Identifying the causal direction between two variables has long been an important but challenging task for causal inference. Existing work proposes to distinguish whether $X\rightarrow Y$ or $Y \rightarrow X$ by setting up an input-output learning task using the two variables, since causal and anticausal learning have different performances under semi-supervised learning and domain shift. This approach works for many task-specific models trained on the input-output pairs. However, with the rise of general-purpose large language models (LLMs), there are various challenges posed to this previous task-specific learning approach, since continued training of LLMs is less likely to be affordable for university labs, and LLMs are no longer trained on specific input-output pairs. In this work, we propose a new paradigm to distinguish cause from effect using LLMs. Specifically, we conduct post-hoc analysis using natural language prompts that describe different possible causal stories behind the $X$, $Y$ pairs, and test their zero-shot performance. Through the experiments, we show that the natural language prompts that describe the same causal story as the ground-truth data generating direction achieve the highest zero-shot performance, with 2% margin over anticausal prompts.
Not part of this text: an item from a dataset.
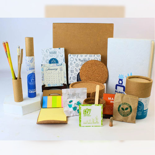 The EVERYDAY ECO GIFT BOX – D Eco-Friendly Gift Set (D1003) is one of the most thoughtfully curated sustainable gift hampers designed for corporate gifting, employee welcome kits, festive gifting, and eco-conscious celebrations. Every item inside this eco gift box promotes sustainability, making it a meaningful choice for organisations looking to reduce their carbon footprint. With premium-quality plantable stationery, cork accessories, and biodegradable products, this eco gift set is ideal for brands committed to green initiatives.

We highlight that it will be an interesting direction to identify more causal relations using LLMs.
Code Structure
./dataset/
the code about split and augment the dataset
./eval/
evaluating the result
./model/
warping the model
./prompt/
the code about generate the prompt and warping prompt to the dataset
./run/
do the inference of gpt2 series model in the given dataset
./test/
test codes to the implementation of some modules
Some special remark
In this version, we use GPT3 API to manually generate the prompt and using text attack package to paraphrases the prompt and select the best one. We use the gpt2 series models with the default in the huggingface.
The origin code is run in the same folder, and to have a more clear structure, the code is split by their functions into 5 folders.